*** Begin section ***

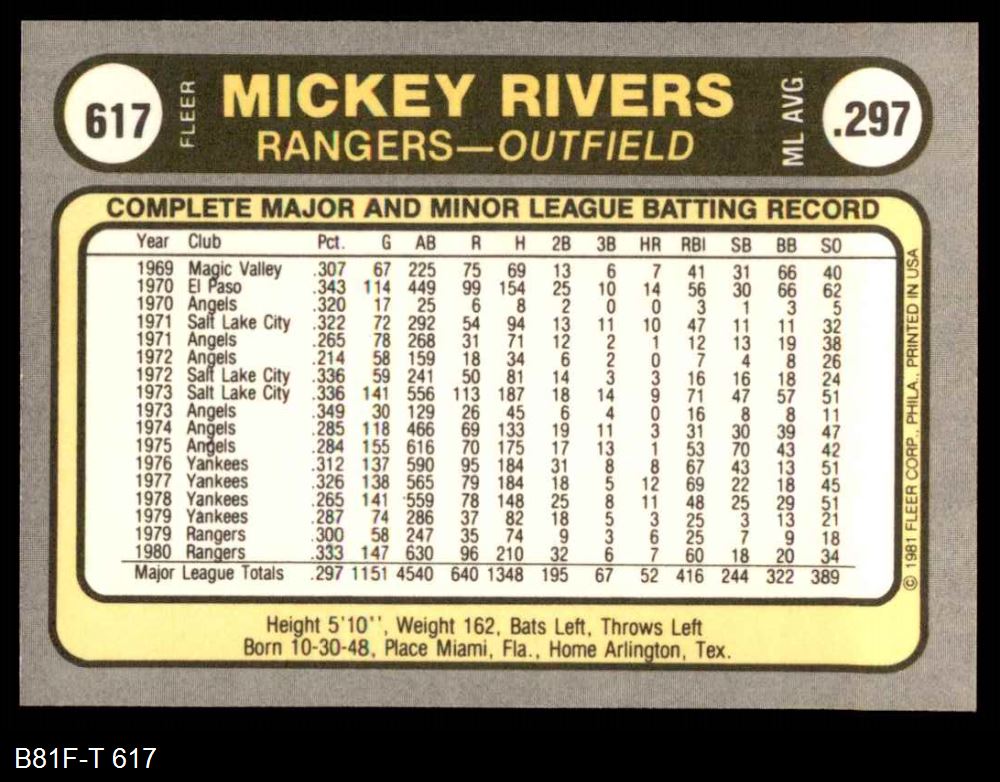 1981 Fleer #617 Mickey Rivers
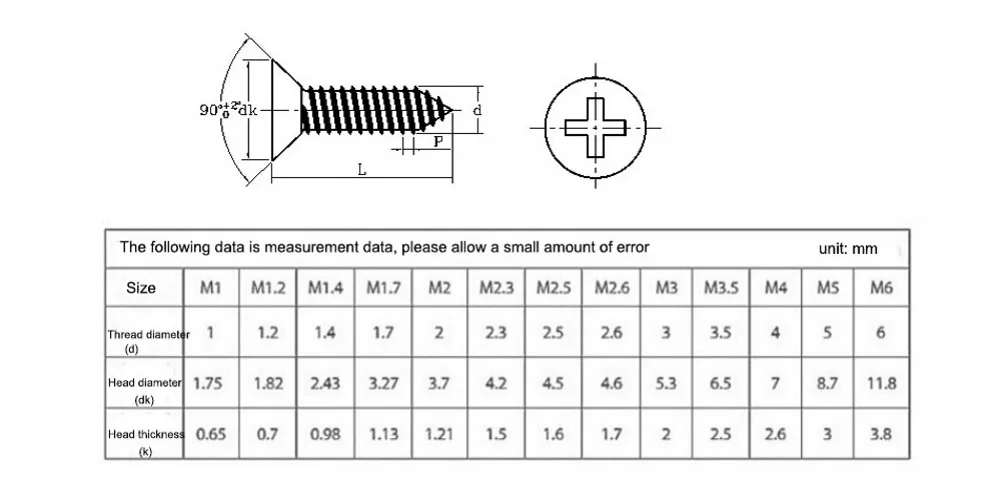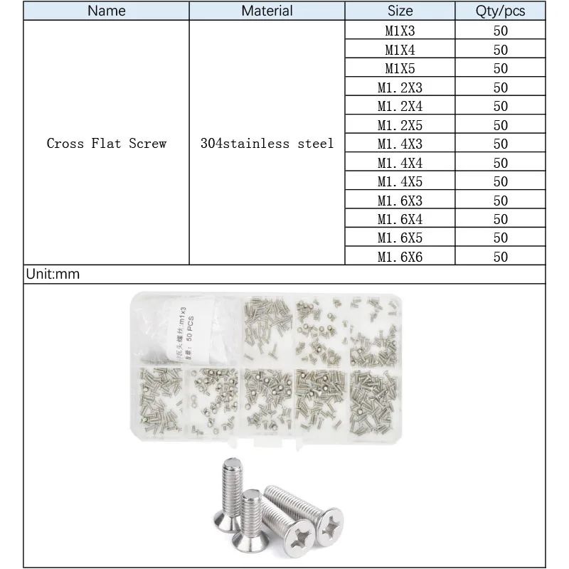 4. Спецификация:Тип винтов:Крест Phillips плоский потайной болт с головкойРазмер: M1 M1.2 M1.4 M1.6Материал: нержавеющая сталь 304Посылка: 650 шт.
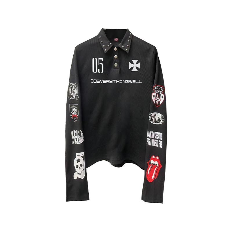 DETW 24AW原创“红星徽章”暗黑朋克铆钉*翻领卫衣男女长袖POLO衫
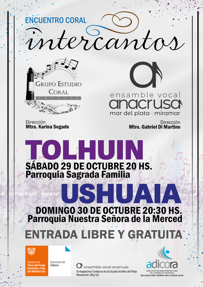 Viaje a Ushuaia para el Encuentro denominado “Intercantos”, preparado en conjunto con la Mtra. Karina Segade, directora del Grupo Estudio Coral Ushuaia, quienes cumplían sus primeros 20 años en actividad. El Ensamble Vocal Anacrusa, habiendo sido nombrados “Embajadores Turísticos” se ha presentado en las ciudades de Ushuaia y Tolhuin finalizando ambos conciertos con cinco obras cantadas en masa coral, incorporando una versión coral exclusiva para dicho encuentro realizada por el Mtro. Marcelo Valva, quien además realiza un taller para coreutas sobre lectura e interpretación de obras.

*** End section ***

Starting at the line that contains "4. Спецификация:Тип винтов:Крест", please write out each line through the last line of the data, both ends included, and keep pictures out of the copy.

SOLUTION FOR THIS EXERCISE:
 4. Спецификация:Тип винтов:Крест Phillips плоский потайной болт с головкойРазмер: M1 M1.2 M1.4 M1.6Материал: нержавеющая сталь 304Посылка: 650 шт.
 DETW 24AW原创“红星徽章”暗黑朋克铆钉*翻领卫衣男女长袖POLO衫
 Viaje a Ushuaia para el Encuentro denominado “Intercantos”, preparado en conjunto con la Mtra. Karina Segade, directora del Grupo Estudio Coral Ushuaia, quienes cumplían sus primeros 20 años en actividad. El Ensamble Vocal Anacrusa, habiendo sido nombrados “Embajadores Turísticos” se ha presentado en las ciudades de Ushuaia y Tolhuin finalizando ambos conciertos con cinco obras cantadas en masa coral, incorporando una versión coral exclusiva para dicho encuentro realizada por el Mtro. Marcelo Valva, quien además realiza un taller para coreutas sobre lectura e interpretación de obras.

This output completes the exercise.